College recruiting information
| Name | Hometown | School | Height | Weight | 40^{‡} | Commit date |
| J. T. Floyd CB | Greenville, South Carolina | Mann (SC) | 5 ft 11.75 in (1.82 m) | 179.5 lb (81.4 kg) | 4.615 | Jan 31, 2008 |
Recruit ratings: Scout: Rivals: (75)
Overall recruit ranking: Scout: 75 (S) Rivals: 20 (SC) ESPN: 75 (ATH), 29 (SC)
Note: In many cases, Scout, Rivals, 247Sports, On3, and ESPN may conflict in their listings of height and weight.; In these cases, the average was taken. ESPN grades are on a 100-point scale.; Sources: "Michigan Football Commitments". Rivals. Retrieved November 29, 2011.; "2008 Michigan Football Commits". Scout. Retrieved November 29, 2011.; "ESPN". ESPN. Retrieved November 29, 2011.; "Scout.com Team Recruiting Rankings". Scout. Retrieved November 29, 2011.; "2008 Team Ranking". Rivals.com. Retrieved November 29, 2011.;

==College==
Made his career debut against Western Michigan on September 5, 2009 as a redshirt freshman for the 2009 Wolverines. For the 2010 team his 66 tackles ranked sixth in the conference per game for the 2010 Big Ten Conference football season. Floyd notched a key forced fumble in the opening game against Connecticut on September 4. He made his first interception in the 28-24 September 11, 2010 rivalry game victory against Notre Dame. He posted 7 solo tackles and six assists on October 2, 2010 against Indiana and then posted 10 solo tackles and 3 assists the following week in the Paul Bunyan Trophy game against Michigan State on October 9. Floyd accumulated no statistics in the final five games of the season. He suffered ankle ligament damage on Tuesday November 2 during practice that required season-ending surgery.

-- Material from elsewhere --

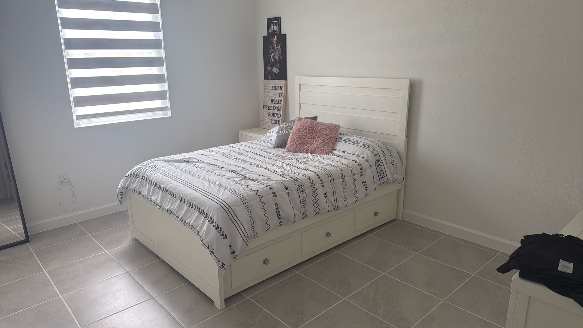 White Full Bedroom Set including mattress Juego de cuarto blanco tamaño Full, incluye colchón Includes: Bed/Cama Mattress/Colchon Night stand/Mesita de noche Dresser/Comoda

Floyd did not recover from his injury in time for spring practice and found himself battling for a starting position prior to his fourth-year junior season. He switched from #12 to #8 (formerly worn by Jonas Mouton) prior to the 2011 season. He made his second interception the against Notre Dame on September 10, 2011 in the first night game at Michigan Stadium. He added another interception against Illinois on November 12. The interception came when Michigan was protecting a 17-7 lead in the fourth quarter. He was an honorable mention 2011 All-Big Ten Conference selection by both the coaches and the media for the 2011 Wolverines. Floyd finished among the conference leaders in passes defended/game (.77, t-5th). Floyd started 12 games in 2012, recording 48 tackles and 5 pass break ups. He was also a 2012 All-Big Ten honorable mention selection by both the coaches and the media for the 2012 Wolverines.

Coach Brady Hoke has suspended J.T. Floyd for undisclosed reasons, and he will not travel with the team to the January 1, 2013 Outback Bowl.